I'm throwing around the idea of trying to find a Humminbird 755 or 785 (Chartplotter not plotter/finder combo) to use as the nagivational tool alone and then relying on my 7998HD just for the imaging/fishfinder. Also if it matters I would prob only be using it for inland lakes of Ohio/KY and St Clair.

What's peoples take on this? How many of you do this?


----------



## Bad Bub (Jan 17, 2006)

I don't do this just based on affordability and mounting space, but is a very popular set up on the pro tours. Now that most of the newer glass boats are designed to flush mount the larger electronics, they will use the flush mount for mapping alone and put another unit on a ram mount beside the console to run sonar/side scan/ down scan on a 3 way slit screen set-up. If I had the means i'd do the same thing.

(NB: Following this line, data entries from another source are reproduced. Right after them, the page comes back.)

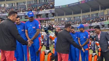 सोशल मीडिया पर सलमान खान का एक वीडियो वायरल है, जिसमें वह आईएसपीएल इवेंट में शामिल हुए। यहां पर क्रिकेट मैच देखने वह पहुंचे। इसी दौरान वह मैदान पर भी नजर आए। इसी इवेंट में एक रोबोट भी मौजूद था। इस रोबोट काे देखकर सलमान खान खुश हुए। लेकिन जब भाईजान ने रोबोट से हाथ मिलाने के लिए हाथ आगे बढ़ाया तो उसने रिएक्शन नहीं दिया। इसी वीडियो पर सलमान खान के फैंस जमकर रिएक्शन दे रहे हैं।
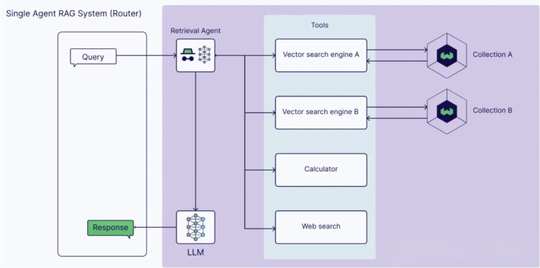 传统 RAG 是固定 “检索 - 生成” 流水线,而 Single-Agent Agentic RAG 引入智能体,可依问题类型动态选工具,更灵活强大。
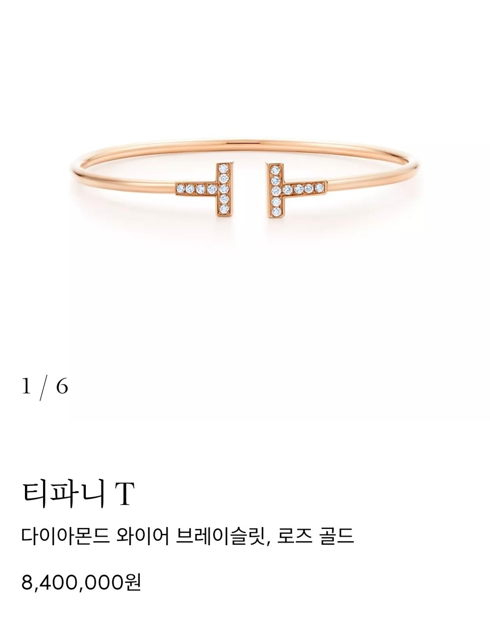 티파니 T 1 네로우 힌지드 뱅글 브레이슬릿로즈/핑크골드, S 사이즈
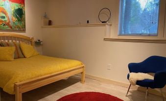 The downstairs is a walkout at lake level, featuring a very spacious living/family room with a colorful and comfortable sitting area (original Chicklet chairs from the 1970s) and plenty of space for playing. Here, you can again enjoy viewing the lake and socializing. The bedroom on this level has a queen bed and large closet. The full bath with shower is modern and a generous size. The lower level is perfect for a family as well, and we have at your disposal additional queen or twin air mattress for extra sleeping arrangements.

Outdoor Hub mobile, the outdoor information engine


----------



## sherman51 (Apr 12, 2011)

i think what your doing is a great idea. i have a combo unit myself right now. but if and when i upgrade i plan to go back to two units. i just dont like sharing my screen with both. i have even thought about finding another unit just like what i have, then use one for my fishfinder and the other one for my gps. but thats alot of money i could spend on gas to go fishing. but if one side ever quits, look out,LOL.

another thing about the combo units. i know it dont happen often, but if your gps quits and you send it in for repairs, you also lose your depthfinder. i can usely fish erie to some extent with my depthfinder as long as i know i am in the depth where there catching fish i can usely catch a few. or if my depthfinder brakes i lose my gps also. just my opinion.
sherman


----------